Am Montag meldete Israel die Tötung eines hochrangigen Fatah-Mannes in einem Flüchtlingslager bei Dschenin auf der Westbank. Mohammed Abu Al Heija war Stellvertreter von Zakariya Zubeidi, einem der bedeutendsten Kommandanten der zu Abbas’ Fatah gehörenden Al-Aksa-Brigaden. Schon am Mittwoch und Donnerstag voriger Woche hatten israelische Soldaten ein Flüchtlingslager bei Nablus überfallen und dort neben Mitgliedern anderer Organisationen auch Fatah-Leute verletzt und festgenommen.
Solche Provokationen schlagen Abbas jedes Argument aus der Hand, in seinem Machtbereich die in der vorigen Woche angeordnete Entwaffnung aller Milizen durchzusetzen. Man brauche die Waffen zur Selbstverteidigung gegen die israelischen Angreifer, sagen die Al-Aksa-Brigaden im Westjordanland. Nicht einmal Abbas wagt, ihnen jetzt offen zu widersprechen.
Auch sonst sieht es mit Israels Hilfe für Abbas gar nicht gut aus: Die von Olmert angekündigte Freilassung von 250 gefangenen Fatah-Leuten wurde von seinem Kabinett abgelehnt. Vorerst wird kein einziger israelischer Kontrollposten im Westjordanland aufgehoben. Die zahllosen Sperren an allen wichtigen Verkehrsverbindungen, mit stundenlangen Wartezeiten, machen jedes normale wirtschaftliche und gesellschaftliche Leben in den besetzten Gebieten unmöglich. Die palästinensischen Steuern, Zölle und anderen Abgaben, die Israel seit 17 Monaten widerrechtlich zurückhält, werden nur ratenweise an Abbas ausgezahlt. Während die palästinensische Seite davon ausgeht, daß sich mittlerweile 700 Millionen Dollar angesammelt haben, spricht Israel von 500 Millionen. Davon sollen in den kommenden sechs Monaten nur 300 bis 400 Millionen ausgezahlt werden. Den Rest will Israel gegen angebliche palästinensische Schulden verrechnen.

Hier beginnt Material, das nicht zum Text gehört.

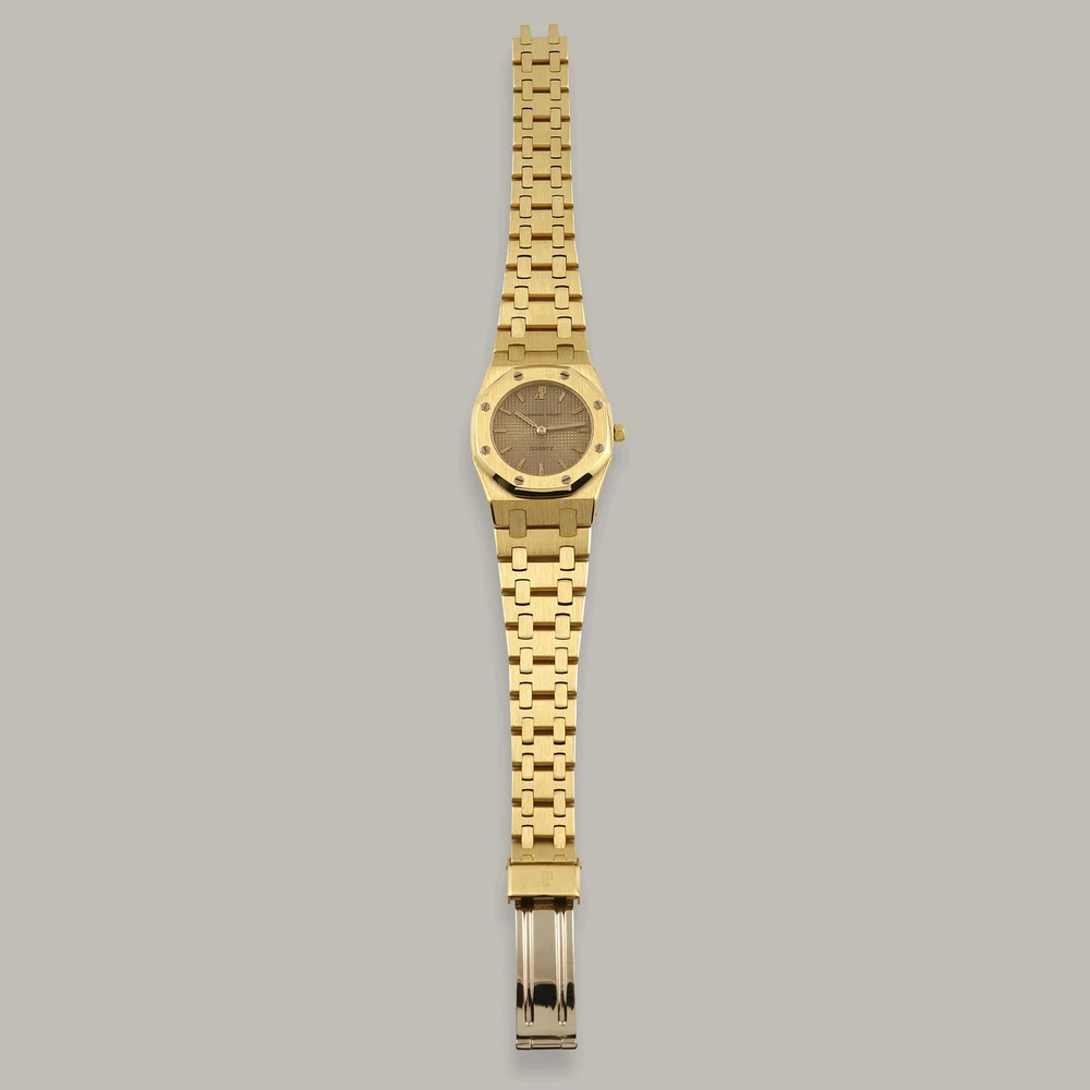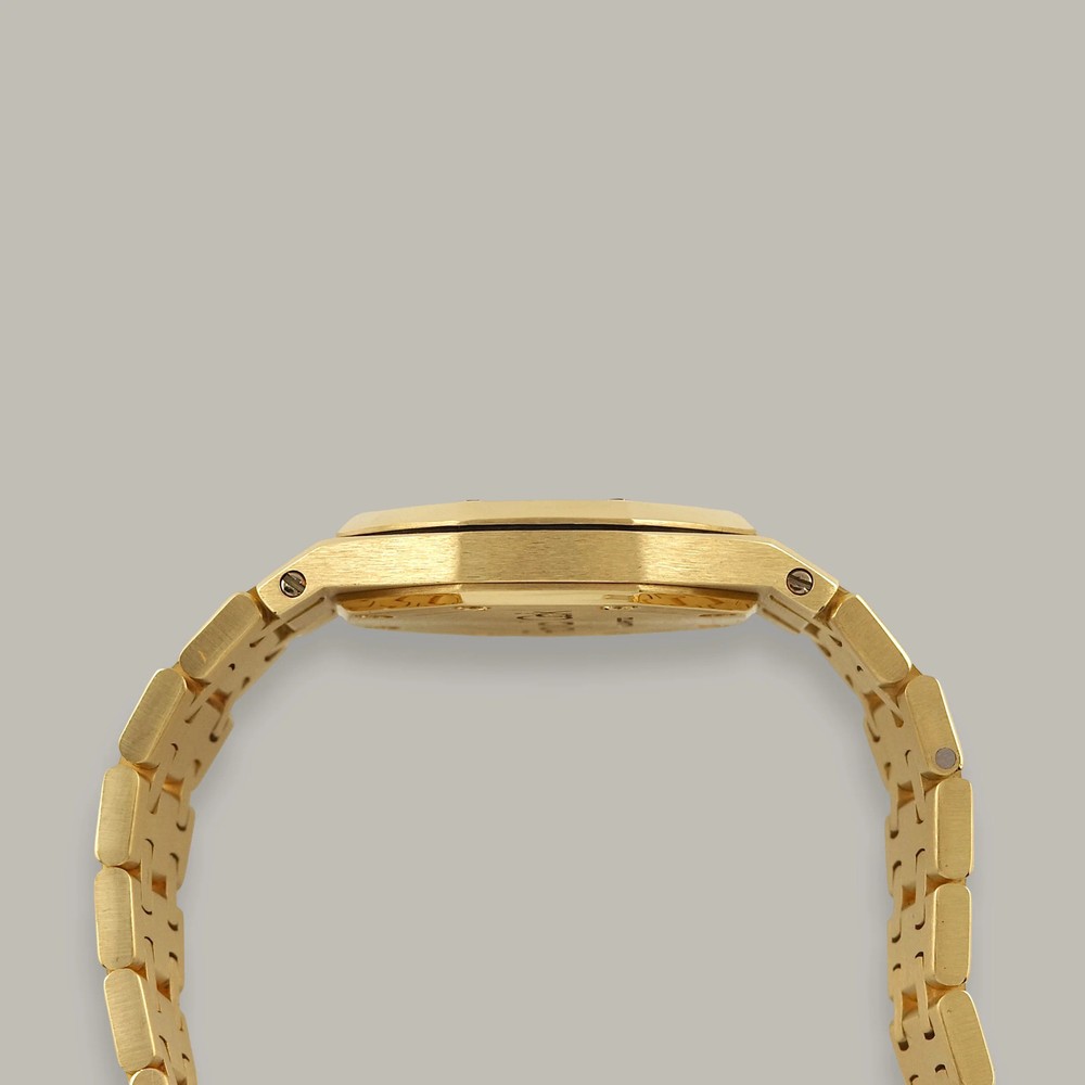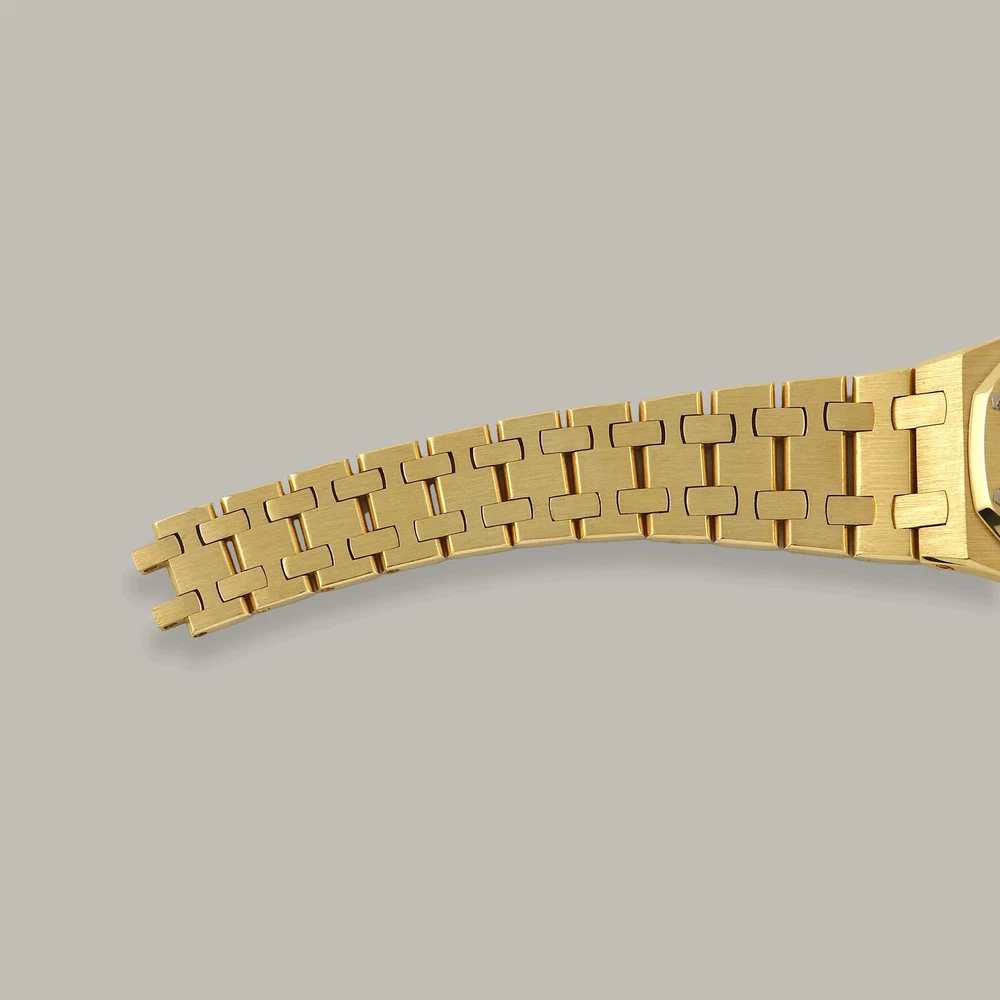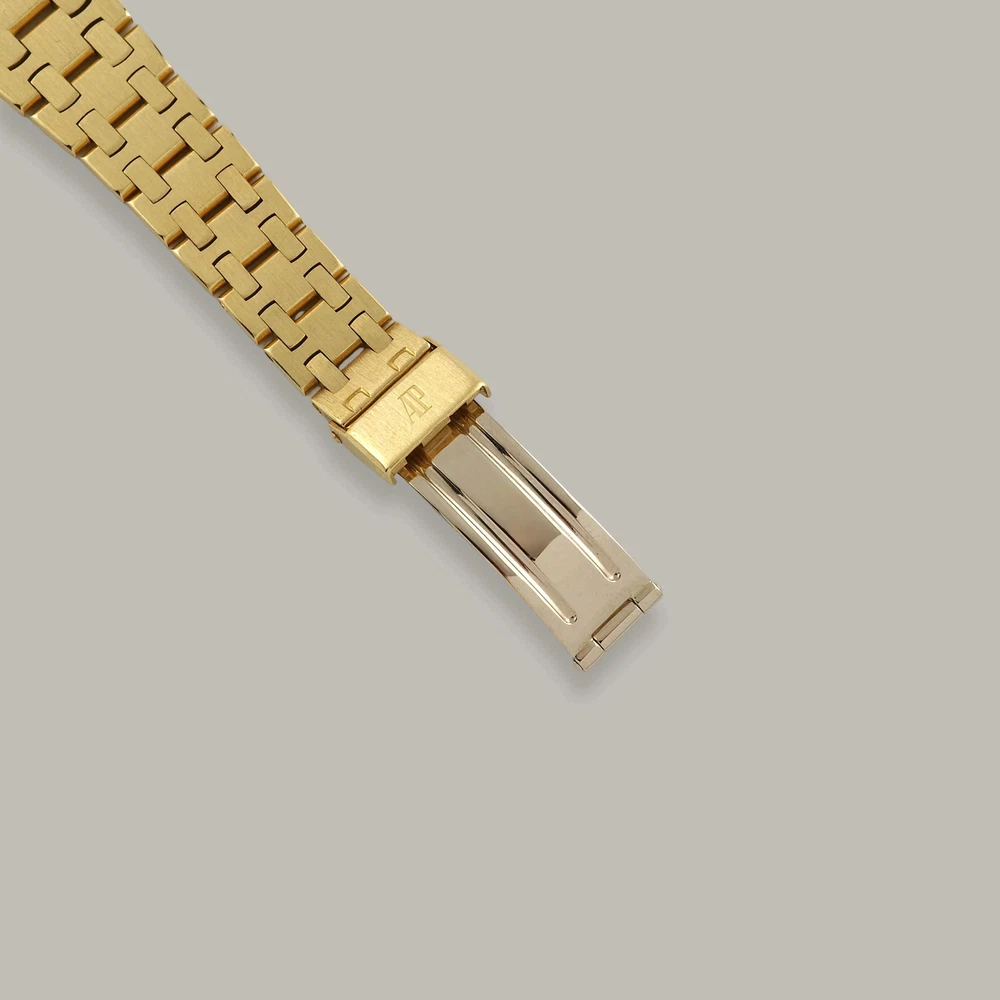 Our Perspective: Maybe it was Hailey and Justin Bieber matching mini Royal Oaks on social media or the new frosted 23mm Royal Oaks having the entire ladies’ watch world in a chokehold, but finding a Royal Oak at 26mm or smaller has quietly become both harder and more expensive. Small Royal Oaks are having an it-girl moment and the best ones are no longer flying under the radar. What makes this 1970s Royal Oak ref. 6007BA so compelling is how effortlessly chic it feels. In 18k yellow gold and just 26mm, it wears more like a piece of jewelry than a “downsized” watch. The proportions are spot-on, the design feels intentional, and on the wrist it delivers that unmistakable Genta-designed Royal Oak presence with a softer, more stylish edge. This is the kind of watch that looks just as right with denim and a tee as it does dressed up. The irony? The modern frosted gold 23mm Royal Oak quartz trades around $90,000. Meanwhile, this early Royal Oak, with true rarity and far more character, sits at under $30,000. Once you see them side by side, it becomes clear: this isn’t about size or gold weight- it’s about taste. Call it a mini, baby, or ladies’ Royal Oak if you want, but pieces like this are the original blueprint for the trend we’re seeing everywhere today. It’s chic, it’s rare, and it’s exactly the kind of Royal Oak the style-forward collectors are quietly chasing. Condition Report: Very Good overall condition. Watch recently received a full case and bracelet refinish/polish and is in beautiful condition with sharp edges and brushing. Screw heads on bezel, caseback and links show signs of removal. Caseback and crown have medium signs of wear. Medium scratches throughout crystal. Dial and hands are in very good condition with only minimal signs of age. Light stretch on bracelet. Bracelet has 20 links and fits a max wrist size of 6.5". One link (second link @ 6 o'clock) appears to have been repaired previously with a silver pin. Watch sets, runs and keeps accurate time without issue. Watch does not have original box or papers, but comes with a serialized AP service box. Condition Grade: 8.5 /10

Scheint es auch Wahnsinn, hat es doch Methode: Mit seinem Versprechen, Abbas zu helfen, erfüllt Olmert einen Wunsch der Amerikaner und Europäer. In Wirklichkeit ist er aber so wenig wie seine Vorgänger daran interessiert, Abbas oder einen anderen palästinensischen Politiker zu stärken. Denn noch häufiger als die Nationalhymne HaTikva wird in Jerusalem die Platte gespielt: »Wir würden so gerne verhandeln. Aber es gibt auf der Gegenseite ja niemanden.« Das soll offenbar so bleiben.